Early recognition of diagnosis and optimized treatment has been one of the fundamental objectives in medical care to improve patient outcomes and enhance overall healthcare cost-effectiveness. Large-scale modeling of EMR trajectories have been developed for various common medical conditions such as sepsis, heart failure, and cancer, among others. These models leverage current advancements in large language models and deep learning technologies to drive forward the field of precision medicine. While early diagnosis of genetic epilepsies is crucial for timely treatment, the practicality and cost-effectiveness of such an approach would need further research. It is anticipated that clinical features or a combination thereof could be utilized to identify patients highly likely to have a genetic cause, prompting further genetic testing for confirmation or even consideration of empirical treatment when genetic testing is not an option in resource-limited scenarios. However, there is a need for ongoing evaluation of the potential for false positive identifications within EMR systems based on this proposed algorithm. Additionally, the cost implications and overall cost-effectiveness of these approaches warrant further investigation.
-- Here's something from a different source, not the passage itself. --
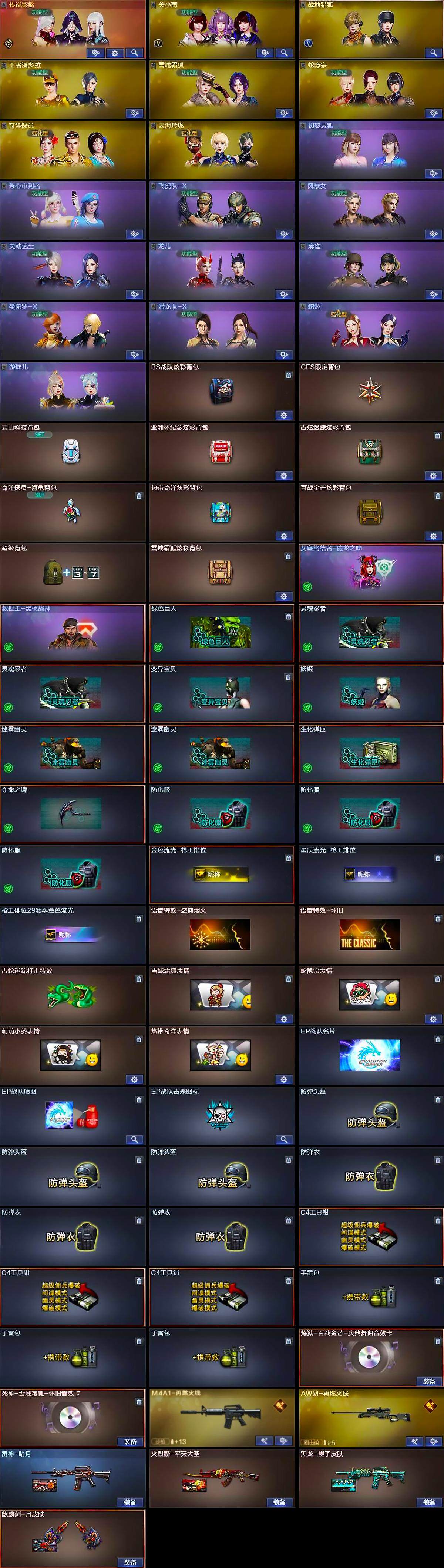 【道具】:BS战队炫彩背包,CFS限定背包,云山科技背包,亚洲杯纪念炫彩背包,古蛇迷踪炫彩背包,奇洋探员-海龟背包,热带奇洋炫彩背包,百战金芒炫彩背包,超级背包,雪域霜狐炫彩背包,女皇终结者-魔龙之吻,救世主-黑桃战神,绿色巨人,灵魂忍者*2,变异宝贝,妖姬,迷雾幽灵*2,生化弹匣,夺命之镰,防化服*3,金色流光-枪王排位,星辰流光-枪王排位,枪王排位29赛季金色流光,语音特效-盛典烟火,语音特效-怀旧,古蛇迷踪打击特效,雪域霜狐表情,蛇隐宗表情,萌萌小葵表情,热带奇洋表情,EP战队名片,EP战队喷图,EP战队击杀图标,防弹头盔*3,防弹衣*3,C4工具钳*3,手雷包*3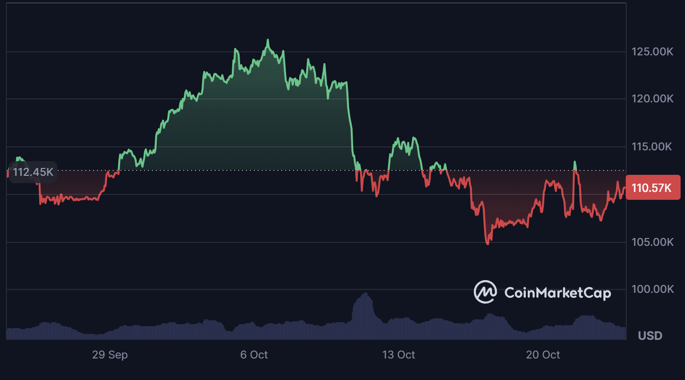 A comienzos de octubre, la criptomoneda líder marcó un nuevo máximo histórico (ATH) de $126.200, pero días después sufrió un desplome abrupto hasta los $102.000, en el llamado viernes negro del mercado cripto. Desde entonces, la dinámica se ha estabilizado, pero sin mostrar aún una dirección definida.

Furthermore, when considering the application of these discoveries beyond SCN1A syndromes, integrating them into clinical practice may encounter limitations in generalizability resulting from data heterogeneity or data insufficiency, which is one of the common challenges for prediction models based on EMR trajectories. The algorithms trained on pediatric epilepsy patients within a tertiary center network may present variations in specific terms or syndromes compared to the documentation practices of general neurologists or adult neurologists. These discrepancies could be from less detailed history reviews by general providers or inadequate data due to recall bias among patients and their guardians, ultimately leading to underdocumented clinical symptoms. For instance, specific symptoms like muscular hypotonia at a younger age between 1 and 1.25 years, identified as an independent clinical biomarker for genetic epilepsy diagnosis in this study, might not be consistently recorded due to recall bias related to their remote occurrence within families in adult neurology practice. Additionally, adult-onset genetic epilepsies exhibit unique genetic mutations and clinical features that can notably differ from those observed in childhood epilepsy cases. Therefore, further expansion of the training and application of similar methodologies across diverse populations holds significant promise in offering valuable insights in the field.